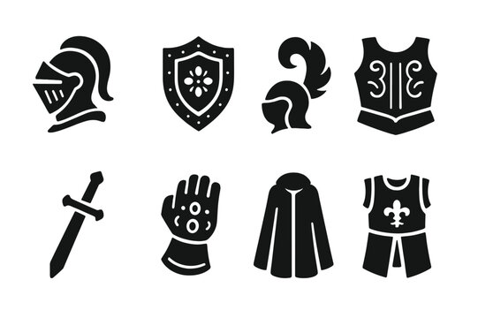 Ceremonial Armor Icons. Solid, filled icon set of ceremonial armor: ornamental helmet, decorative shield, plume, engraved breastplate, ceremonial sword,
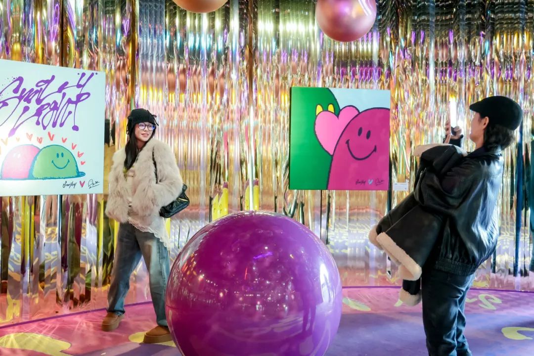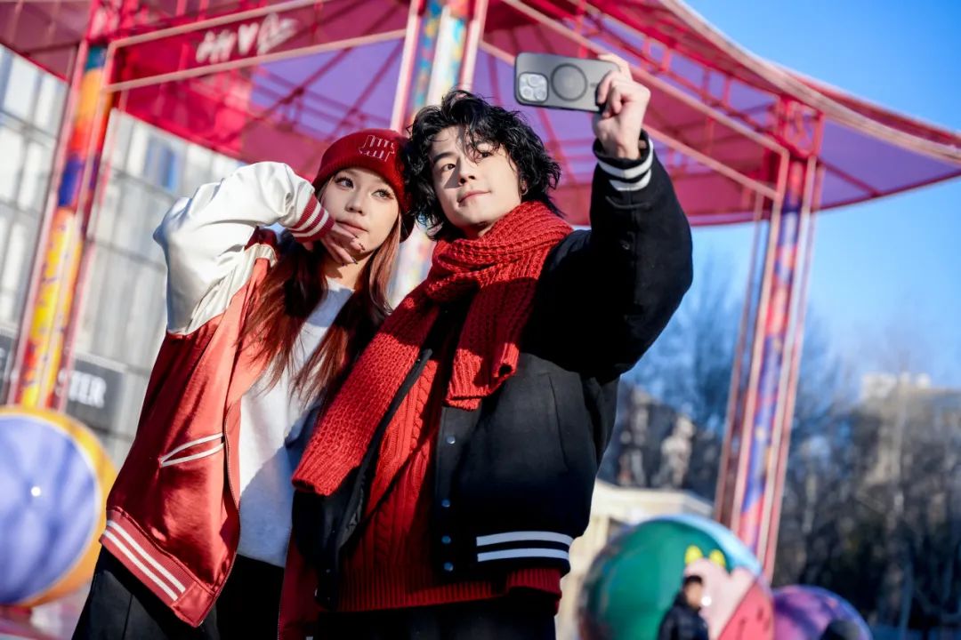 北區(qū)N15 廣場(chǎng)的“微笑藝?yán)取币矒Q上了一襲紅色“年服”,配以新春祝福燈牌,將節(jié)日的歡騰喜慶與蓬勃朝氣展現(xiàn)得淋漓盡致。
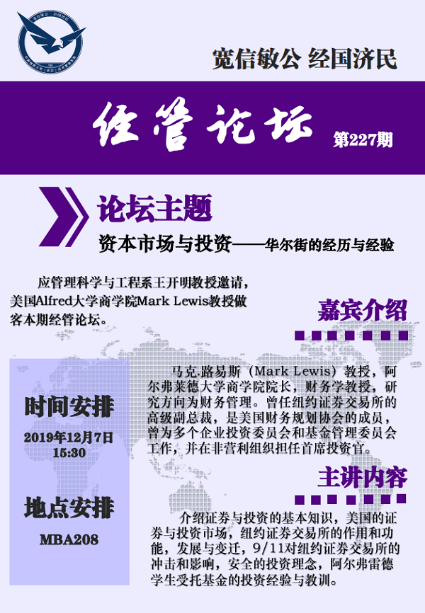 [12月7日]经管论坛:资本市场与投资——华尔街的经历与经验
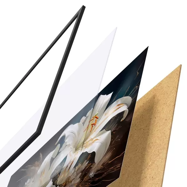 Plakát se skládá z rámu, plexiskla, tištěného obrazu a dřevotřískového podkladu. Díky úchytům na zadní straně lze plakát ihned zavěsit na zeď.
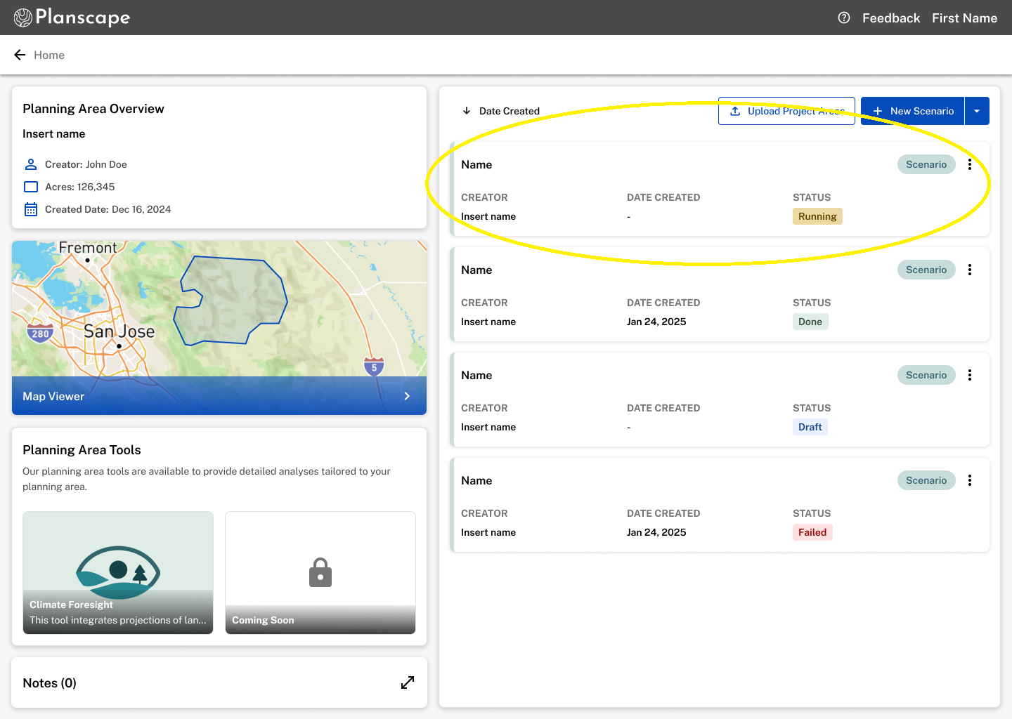 - Scenario Tag: This helps you define whether your project areas are a result of an upload or a scenario ran in Planscape.

━━━━━━━━━━━━━━━━

> TASK TO COMPLETE
Output every record verbatim, excluding any picture it contains.

> FINAL ANSWER
 Ceremonial Armor Icons. Solid, filled icon set of ceremonial armor: ornamental helmet, decorative shield, plume, engraved breastplate, ceremonial sword,
 北區(qū)N15 廣場(chǎng)的“微笑藝?yán)取币矒Q上了一襲紅色“年服”,配以新春祝福燈牌,將節(jié)日的歡騰喜慶與蓬勃朝氣展現(xiàn)得淋漓盡致。
 [12月7日]经管论坛:资本市场与投资——华尔街的经历与经验
 Plakát se skládá z rámu, plexiskla, tištěného obrazu a dřevotřískového podkladu. Díky úchytům na zadní straně lze plakát ihned zavěsit na zeď.
 - Scenario Tag: This helps you define whether your project areas are a result of an upload or a scenario ran in Planscape.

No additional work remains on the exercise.